Last synced: 8 months ago
JSON representation

A terraform module that setups up federated AWS access from Github Actions

Awesome Lists containing this project

README

          

# aws-federation-github-actions

![alt text](docs/aws-federation.png)

> Terraform Modules for setting up AWS Federated access from Github Actions.

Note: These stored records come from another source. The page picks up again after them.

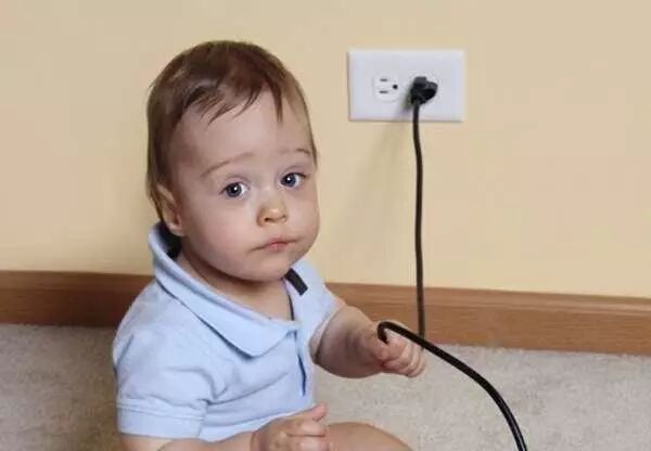 而刚会走的宝宝很喜欢拉扯电线或窗帘绳,孩子力道不够让电线半挂在插头上,容易触电。家中所有的线类都应加以固定,插座应加装遮盖。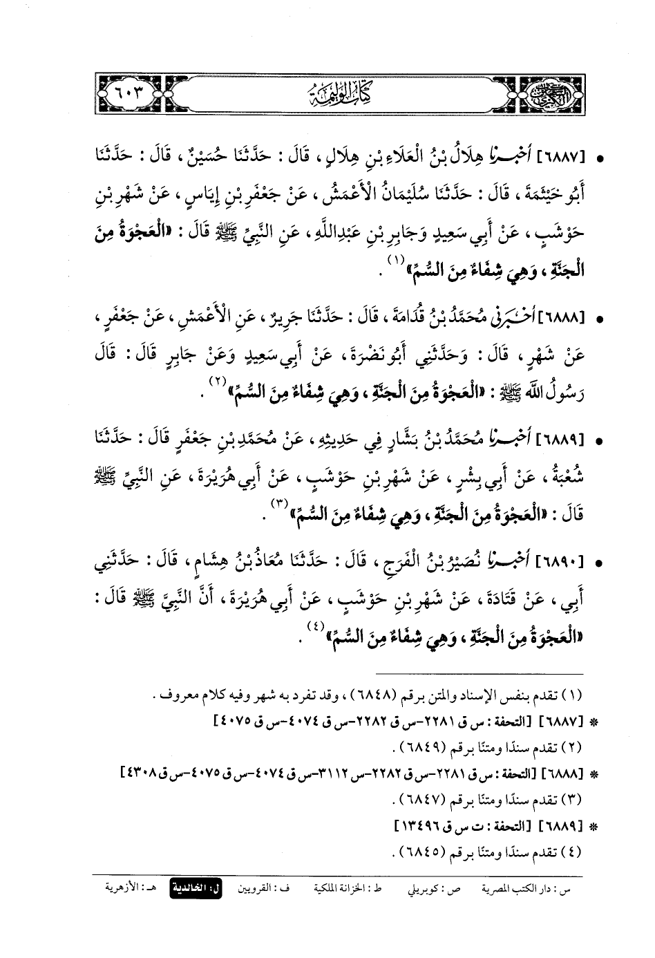 6890- أَخبَرنا نُصَيْرُ بنُ الفَرَجِ، قَالَ: حَدثنا مُعَاذُ بنُ هِشَامٍ، قَالَ: حَدَّثني أَبي، عَن قَتَادَةَ، عَن شَهْرِ بنِ حَوْشَبٍ، عَن أَبي هُرَيرَةَ، أَنَّ النَّبيَّ صَلى الله عَليه وسَلم قَالَ: العَجْوَةُ مِنَ الجَنَّةِ، وَهِيَ شِفَاءٌ مِنَ السُّمِّ.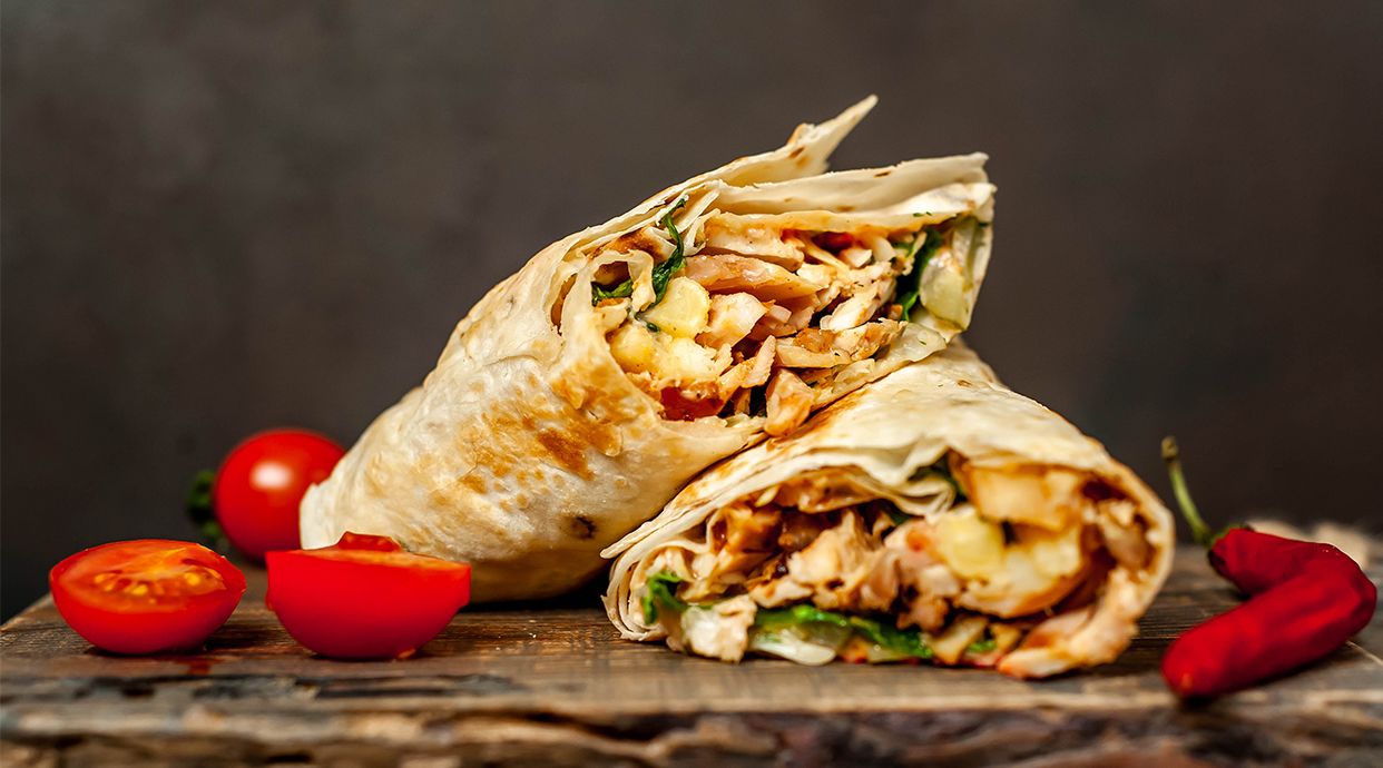 lipie, carne de pui, cartofi prajiti, sosuri, salate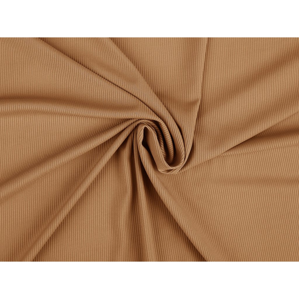 Žebrovaný úplet je splývavý a pruží víc do šířky než do délky. Využijete ho na šití triček, tílek, šatů, legín apod.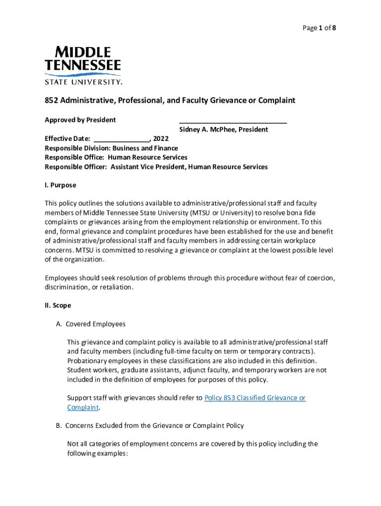 Page 1 of 8852 Administrative, Professional, and Faculty Grievance or Complaint Approved by President___ Sidney A. McGhee, PresidentEffective Date: ___, 2022 Responsible Division: Business and Finance

GitHub Action has a functionality that can [issue an OpenID Connect token](https://docs.github.com/en/actions/deployment/security-hardening-your-deployments/about-security-hardening-with-openid-connect) to jobs running on Github Actions. This obviates the need to store any long-lived secrets in Github.

## Usage

### Configure AWS

First, we need to set up an AWS IAM OIDC identity provider and an AWS IAM role that Github Actions can assume. This can be done by using this module as shown below:

```hcl
module "aws_federation_github_actions" {
source = "github.com/rpidanny/aws-federation-github-actions?ref=v1.0.0"

github_org = "rpidanny"
github_repos = ["example-repo"]

iam_role_name = "ExampleGithubRole"
iam_policy_arns = [data.aws_iam_policy.AdministratorAccess.arn]

tags = local.tags
}
```

With this deployed, any jobs in the specified repositories can now assume the IAM Role created above.

The `github_org` and `github_repos` ensures that only the repositories you specify can assume the role.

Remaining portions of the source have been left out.